Poor safety regulation at the time meant that the Titanic was still seen as suitably prepared for disaster. The incident in question, then, stared on April 10th, 1912, when the Titanic arrived at Cherbourg, France and Queenstown, Ireland. At this point, it began to move the journey back to the USA, to New York. On the 14th April, though, the ship ran into an iceberg at around 11:40PM. With five of the sixteen watertight compartments soon buckling, the ship was one compartment over what it could actually handle. By 2:20AM, the ship was in ruins – many women and children were put onto boards, with the “women and children first” protocol for lifeboats put into action. Around two hours after the sinking took place, the RMS Carpathia arrived, and was capable of taking around 705 survivors onboard.

At the time of breaking apart, though, the ship contained well over 1,000 people. The ships destruction was a major blow to a thriving industry, but it brought about massive changes by the British and American governments with regards to maritime safety. It also led to innovations in wireless communication, which would, in the future, save many more lives.

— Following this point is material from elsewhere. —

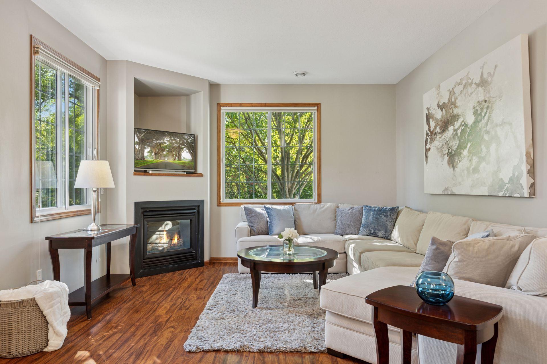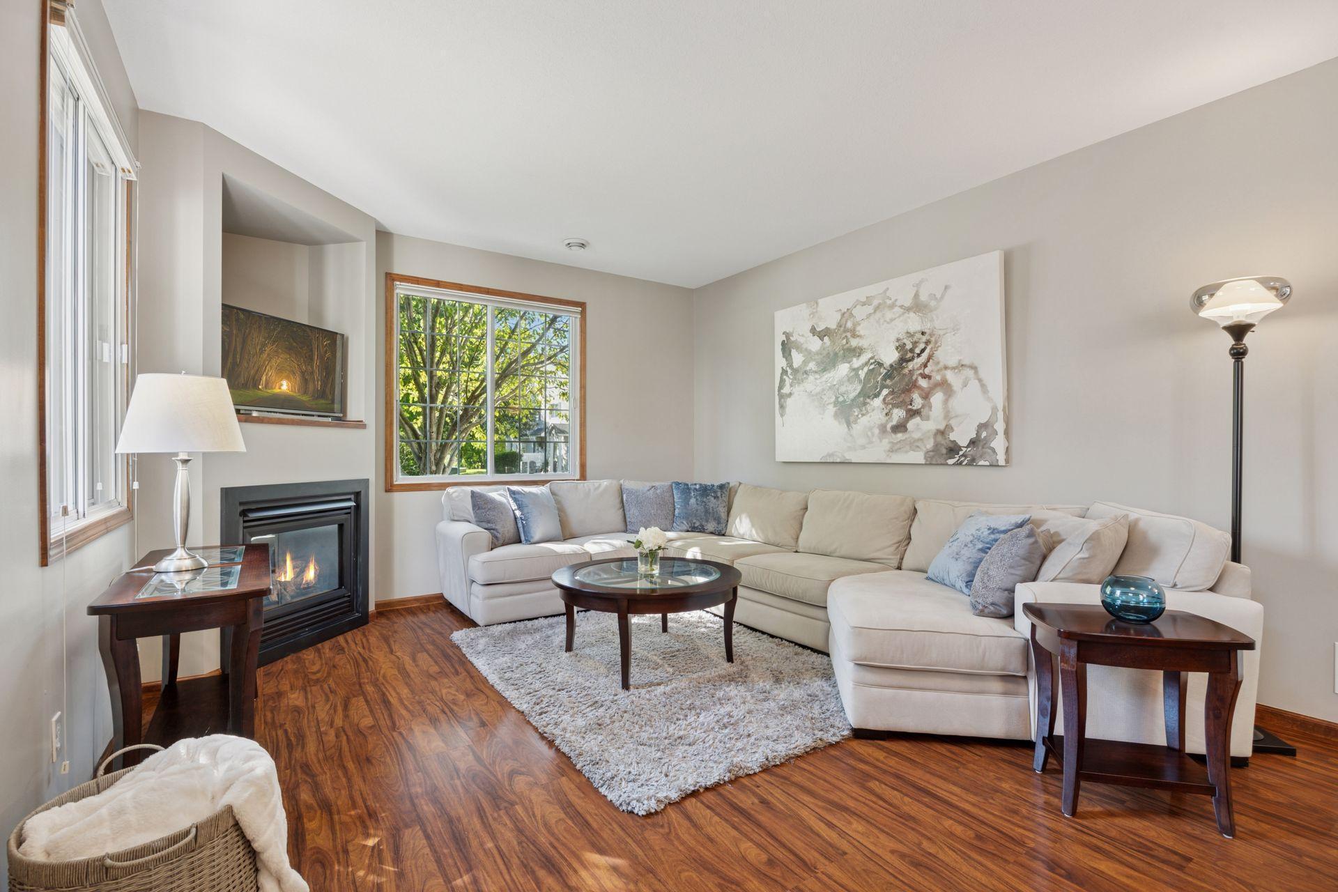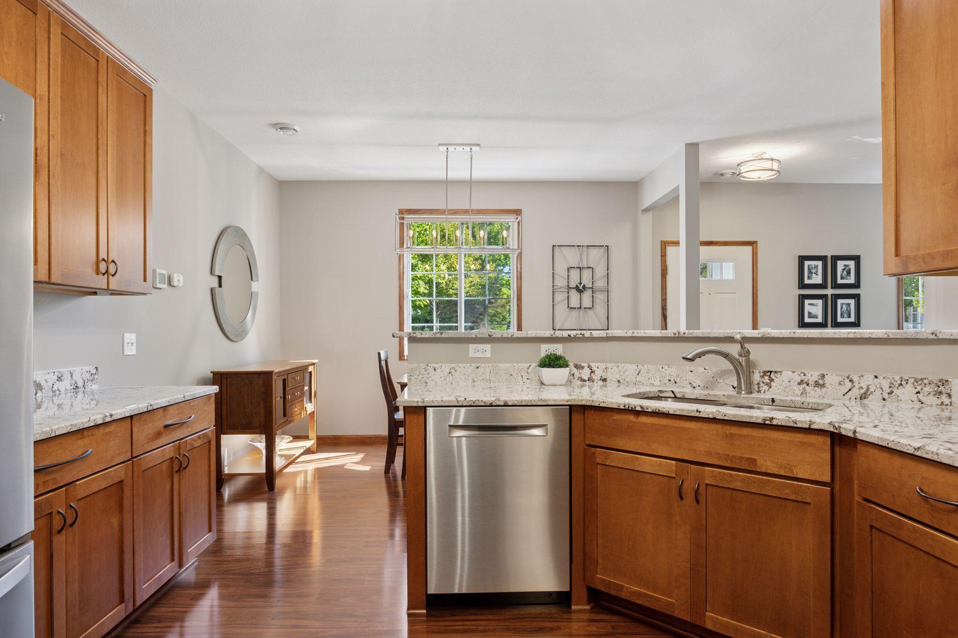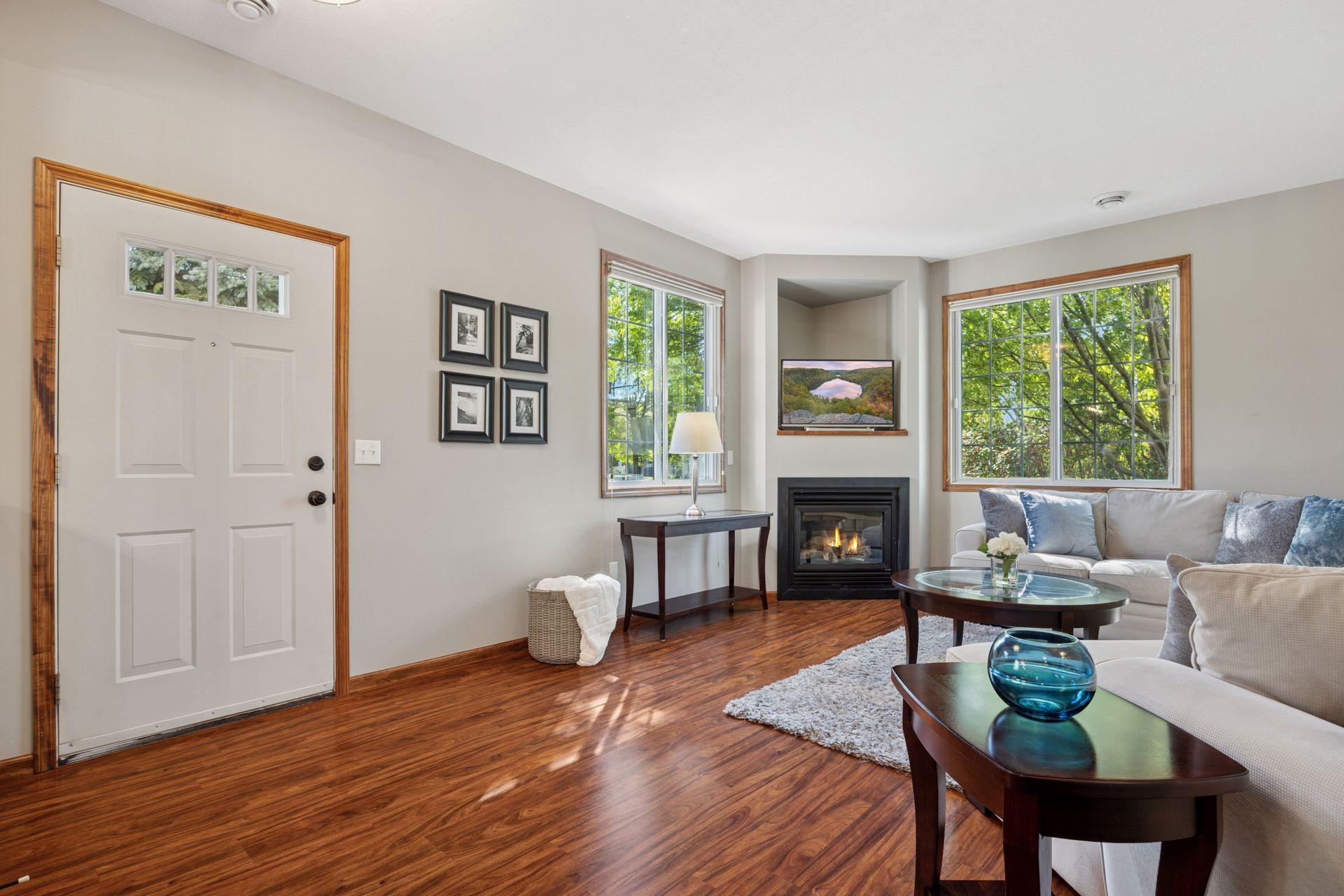 Impeccably maintained end-unit townhome that is sure to impress even the most particular buyers. The kitchen has been beautifully updated with craftsman cabinetry, granite countertops, and stainless steel appliances including a 5-burner gas range. The open-concept main level features laminate wood flooring, updated lighting, and a cozy gas fireplace, creating a warm and inviting space for everyday living and entertaining. A versatile loft offers the perfect bonus area for a home office or media room. The spacious primary walkthrough includes a custom closet and a fully remodeled bathroom designed from top to bottom with modern finishes. Enjoy the privacy of your own patio with views of the surrounding green space, along with the convenience of a large driveway for extra parking. With thoughtful updates throughout—including doors, fixtures, and finishes—this home combines low-maintenance living with stylish upgrades in a desirable end-unit setting with wooded views across the street.

The Titanic itself was wrecked and was never found again until 1985 during a routine United States military mission. Split in two, the ship is presently in a process of gradual disintegration as it sits at around 3,784m underwater. However, many artefacts and items have been recovered from the ship, with many museums around the world storing these instead of the ship itself. The crushing nature of the story made sure that the Titanic became a major part of popular culture. Countless books, songs, movies and memorials have been created for what is the second largest ocean liner to ever sink. Only the HMHS Britannic can beat it – though the Titanic was in actual active service at the time of its sinking. last survivor of the ship, Millvina Dean, who was just two-months old at the time, died in 2009, aged 97. It’s unlikely that the RMS Titanic will ever be lifted or recovered from its tragic resting place.

Today, it serves as a reminder that even the strongest, most secure and most expensive vessels can be vulnerable.